**Recorded information**
________________________________________
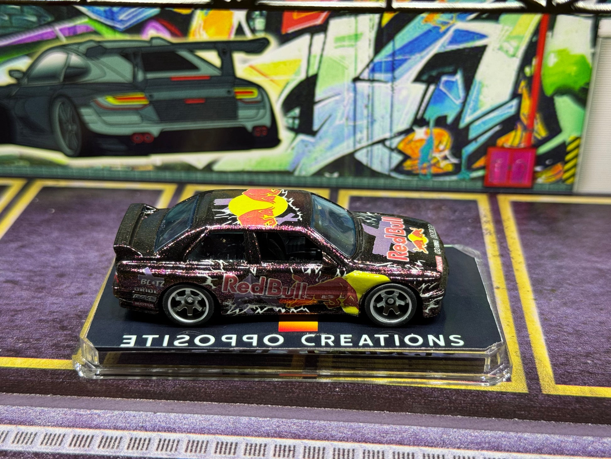 Custom Hot Wheels BMW M3 painted in a champagne color. It is rocking a redbull livery. Will come in a custom display case.
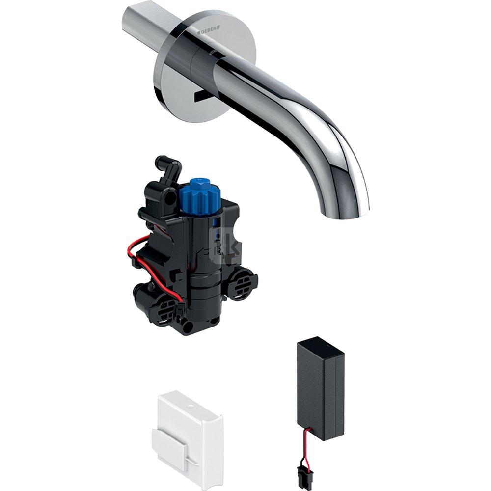 Bateria umywalkowa Geberit Piave, ścienna, zasilanie bateryjne, do podtynkowej skrzynki funkcyjnej, z mieszaczem termostatycznym, L=22cm, chrom
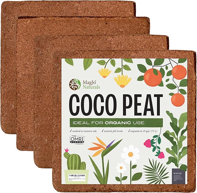 MagJo Naturals 100% Pure Coco Coir 4 Pack (44 Pounds Total) Coco Peat, Listed for Organic Gardening, Coconut Coir - Low EC and pH Balance - High Expansion Coco Fiber for Herbs, Flowers, Planting
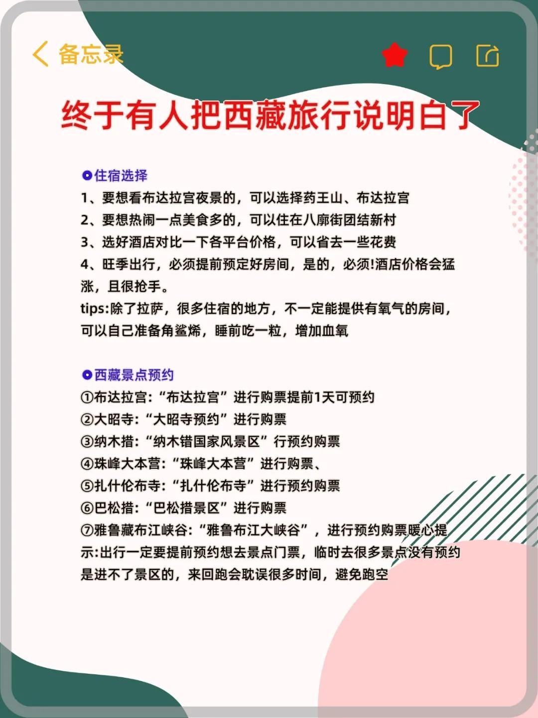 记得提前预约布达拉宫等重要景点的门票,临时去可能会扑空哦~希望这份攻略能帮助你玩转西藏!❤️
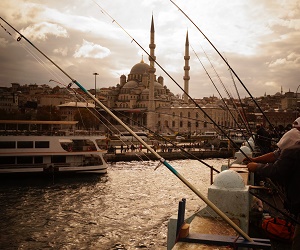 Τα υπέροχα καλκάνια ψαρεύονται γύρω από το στόμιο του Ευξείνου κατά τον Μάρτιο και οι γλώσσες τον Μάϊο και τον Ιούνιο. Ο Ιούλιος έχει να κάνη με τις σαρδελλοφρίσσες και με την τέρψι της θέας των πυροφανιών. Αλλ’ ο Σεπτέμβριος, αυτός ο πανευτυχής μήνας του Βοσπόρου φέρνει μαζί με τα ορτύκια και τα γοφάρια. Τότε το ψάρεμα παίρνει την μορφή γιορτής. Επειδή τότε το ψάρεμα γίνεται την νύχτα, συμμετέχει και το ωραίο φύλλο. Πόσα τρυφερά χέρια πόνεσαν από την τραχύτητα και κάποτε κάποτε -αν και σπανίως είναι η αλήθεια- από το ευχάριστο βάρος της πετονιάς! Πόσα χτυποκάρδια, όταν το πονηρό ψάρι κτυπά με την ουρά του το αγκίστρι γιατί υποπτεύεται την δολιότητά του! Αλλά και πόση απελπισία, όταν το ψάρι φθάση σχεδόν ...
________________________________________
**Instructions to follow**
Repeat, with no pictures, every line from the top of the entries above through the line that has "记得提前预约布达拉宫等重要景", keeping each one exact.

**Output**
 Custom Hot Wheels BMW M3 painted in a champagne color. It is rocking a redbull livery. Will come in a custom display case.
 Bateria umywalkowa Geberit Piave, ścienna, zasilanie bateryjne, do podtynkowej skrzynki funkcyjnej, z mieszaczem termostatycznym, L=22cm, chrom
 MagJo Naturals 100% Pure Coco Coir 4 Pack (44 Pounds Total) Coco Peat, Listed for Organic Gardening, Coconut Coir - Low EC and pH Balance - High Expansion Coco Fiber for Herbs, Flowers, Planting
 记得提前预约布达拉宫等重要景点的门票,临时去可能会扑空哦~希望这份攻略能帮助你玩转西藏!❤️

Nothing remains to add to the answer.